The proposals that we published last October, and which essentially are made in the Bill, have two overriding objectives. First, we want to ensure that we provide every possible help to enable those who can work to do so. Work on a decent wage--which we are ensuring through the national minimum wage--is the best way of combating poverty, the causes of poverty, and especially persistent poverty, which is one of the main problems that we have inherited. Disabled people want to work--2 million already do, and 1 million more on benefits say that they want to work. We want to help them to do that.

Our second overriding objective is to provide far greater security than we have provided in the past for some of the most vulnerable people in society who will never work in their lives. The proposals in the Bill are a key part of that strategy and mark a radical change of direction from what the Tories did in their 18 years in office.

I do not want to say much about the Tories. However, I find it very hard to take when they parade before us as the party of the dispossessed, the poor and the disabled, an advocacy that they masked particularly well in their 18 years in office, and when the hon. Member for West Dorset (Mr. Letwin) tells us that they have all been to Damascus--it is just as well that it is not in Europe, or they could not have gone there at all--and tries to tell us that he now stands shoulder to shoulder with my hon. Friend the Member for Preston (Audrey Wise).

Mr. Letwin: Will the right hon. Gentleman give way?

Mr. Darling: Let us hear about Damascus.

Mr. Letwin: Is the right hon. Gentleman advancing the argument that two wrongs make a right?

Mr. Darling: The hon. Gentleman was wrong for 18 years, and he is wrong again today.

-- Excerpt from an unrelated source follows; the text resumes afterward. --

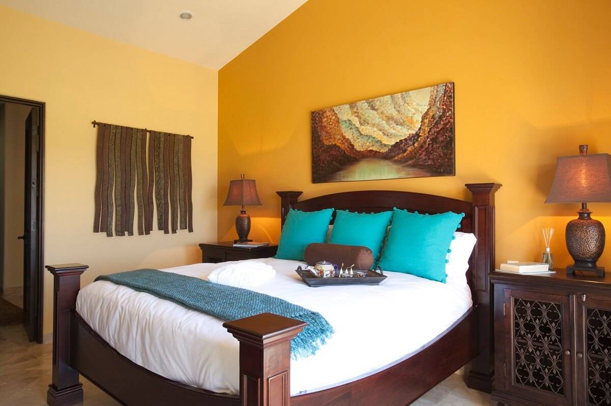Многие дизайнеры используют бирюзовый, сапфировый или голубой цвет в своих проектах из-за ассоциации с тишиной и спокойствием. Насыщенный синий оттенок позволяет создать интригующую таинственную атмосферу, которая отлично подходит для спальни. Заранее решите, какого эффекта хотите добиться, и только после этого приступайте к ремонту квартиры.

We remember how the Tories filibustered and tried to block the Bill sponsored by my hon. Friend the Member for Kingswood (Mr. Berry) to give rights to disabled people. It is this Government who introduced legislation--which was recently given a Second Reading--establishing the Disability Rights Commission.

For the Tories, it did not really matter whether someone was unemployed, sick or disabled. Indeed, forthem unemployment and sickness were completely interchangeable--it did not matter. That is why they cynically moved people--a whole generation of people--from unemployment on to incapacity benefit. That is why one quarter of men--double the number of 20 years ago--over 60 are now on incapacity benefit. Those people were only statistics to the Tories, whose record speaks for itself. Therefore, some of us find it very hard to take the Tories' protestations and invitation to some of my hon. Friends to stand shoulder to shoulder with them in the Lobby today.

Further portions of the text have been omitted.